Posted on:2008-05-06Degree:MasterType:Thesis
Country:ChinaCandidate:D H ZhouFull Text:PDF
GTID:2208360212498921Subject:Control theory and control engineering
Abstract/Summary:PDF Full Text Request
Image segmentation is the key step from image processing to image analysis. One of its most important applications is medical image segmentation. Some biomedical information is shown in the form of image, such as X-ray image, fault CT image and ultrasonic image, which makes human vision extend from exterior to interior. By them people can get some useful information of human body's internals in anatomical form, biochemistry and physiological function. Because the focus of medical image is similar to surrounding normal texture in gray and shape so that it is difficult to distinguish with the naked eye, we need to carry out image segmentation so that the focus can show up obviously.Genetic Algorithms is a random, parallel and adaptive algorithm for search and it simulates natural selection and the evolutionary process. It is built by John Holland, the professor of Michigan University of U.S.A in the 70's of the 20th century. Because its ideas are easy and it is easy to calculate, for recent years it is widely applied in many areas, such as function optimization, combination optimization, automatic control, intelligent control, image processing and pattern recognition, artificial life, machine learning and so on, which make encouraging achievements.
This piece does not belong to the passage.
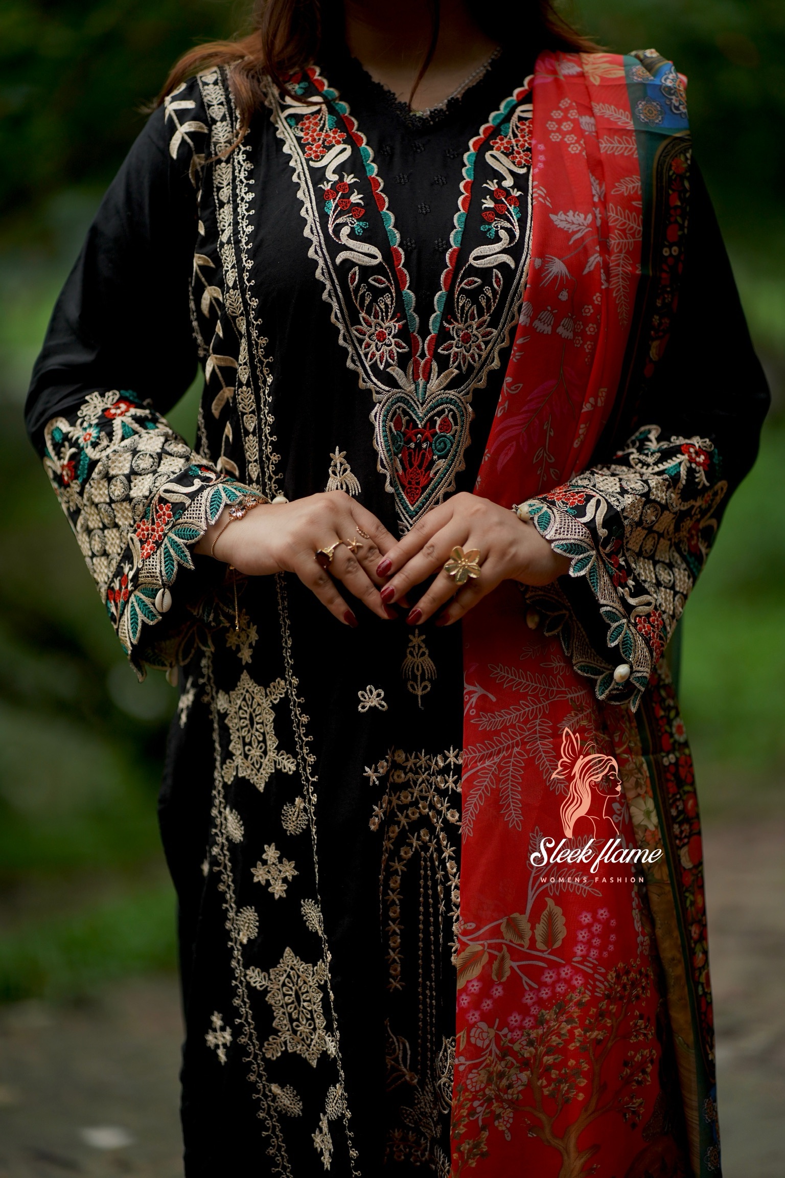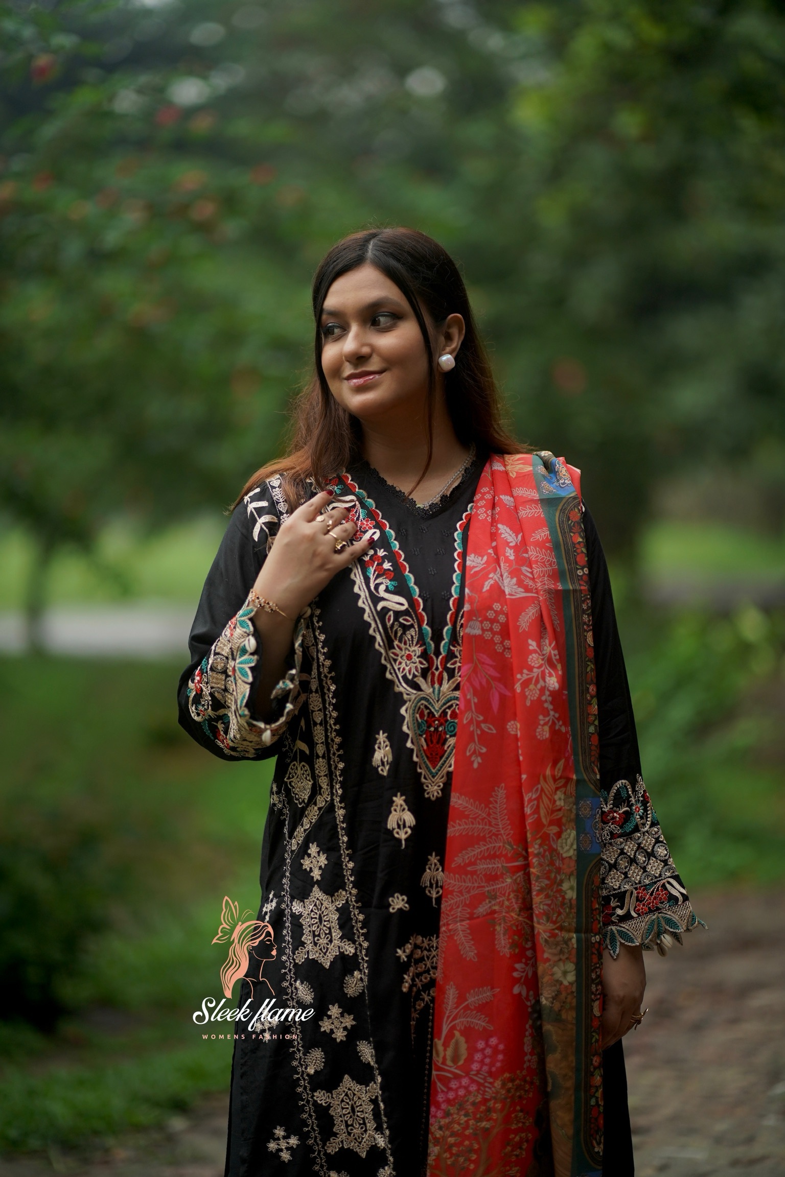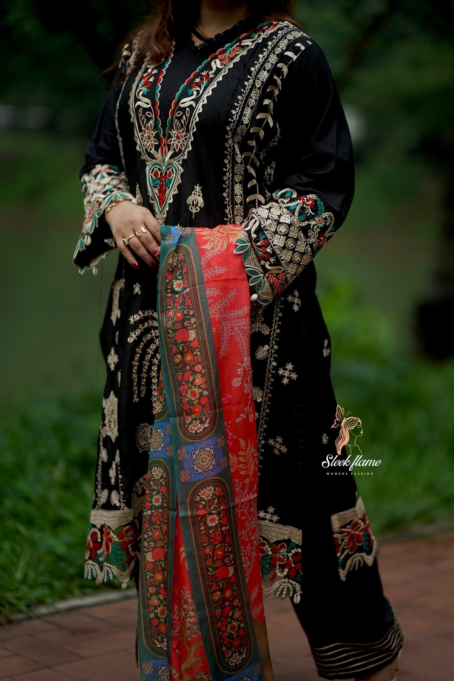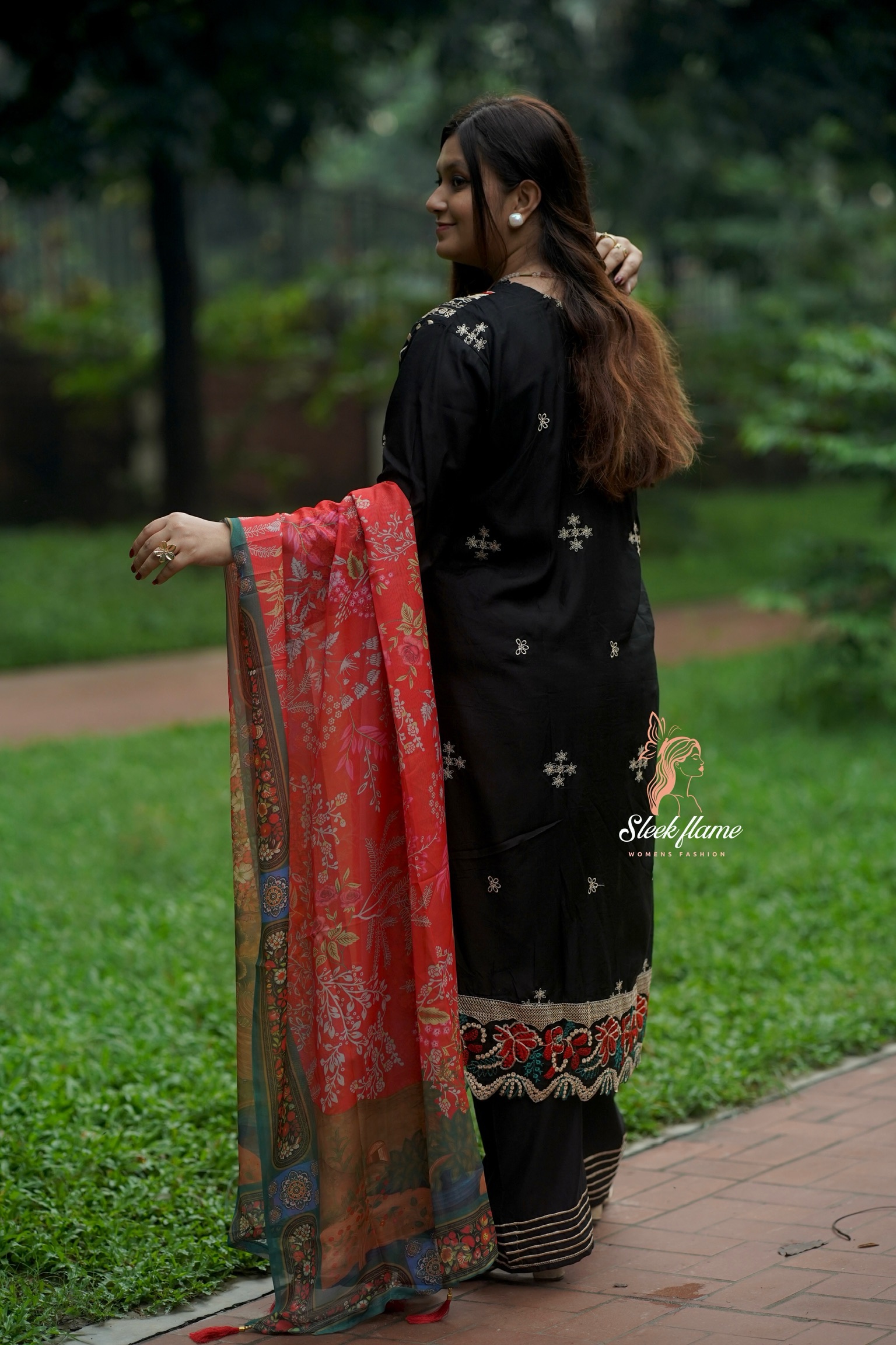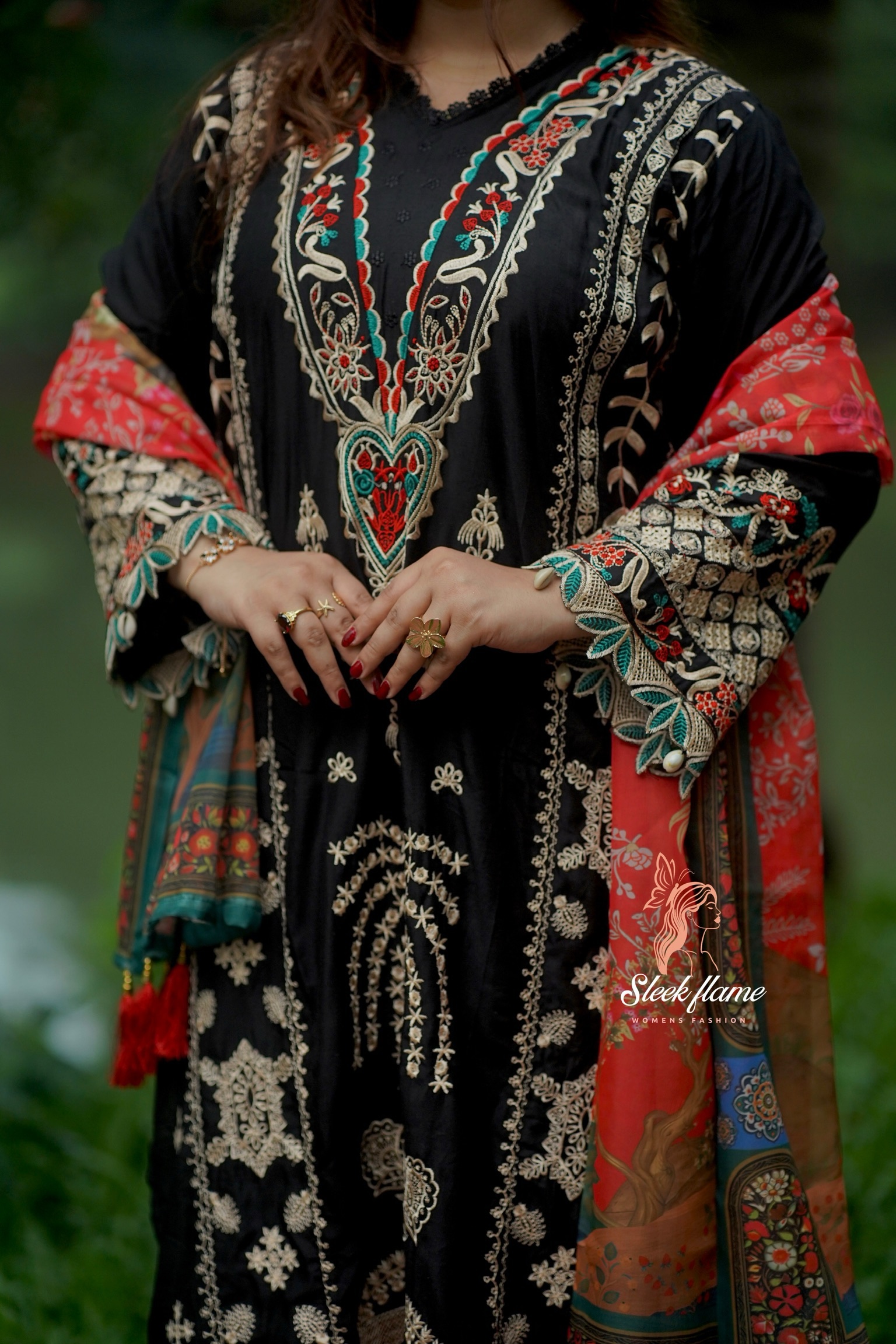 Dress front back all over embroidery work. Pant layered with embroidery work

Cluster-based analysis is an unsupervised learning approach. It can dig correlative rules from feature data of object of study. As a result, it is a powerful approach to information processing. By combining Genetic Algorithms with cluster-based analysis, this paper proposes a segmentation algorithm based on genetic clustering, which carries out pixels' clustering in feature space. This algorithm applies GA to search optimal clustering center, which avoids the selection of initial clustering center in general algorithm such as C-mean clustering algorithm. Taking a picture of eyeball for example, this paper achieves image segmentation by VC++ programming. This algorithm can get very good effect of segmentation and make the defect show up obviously.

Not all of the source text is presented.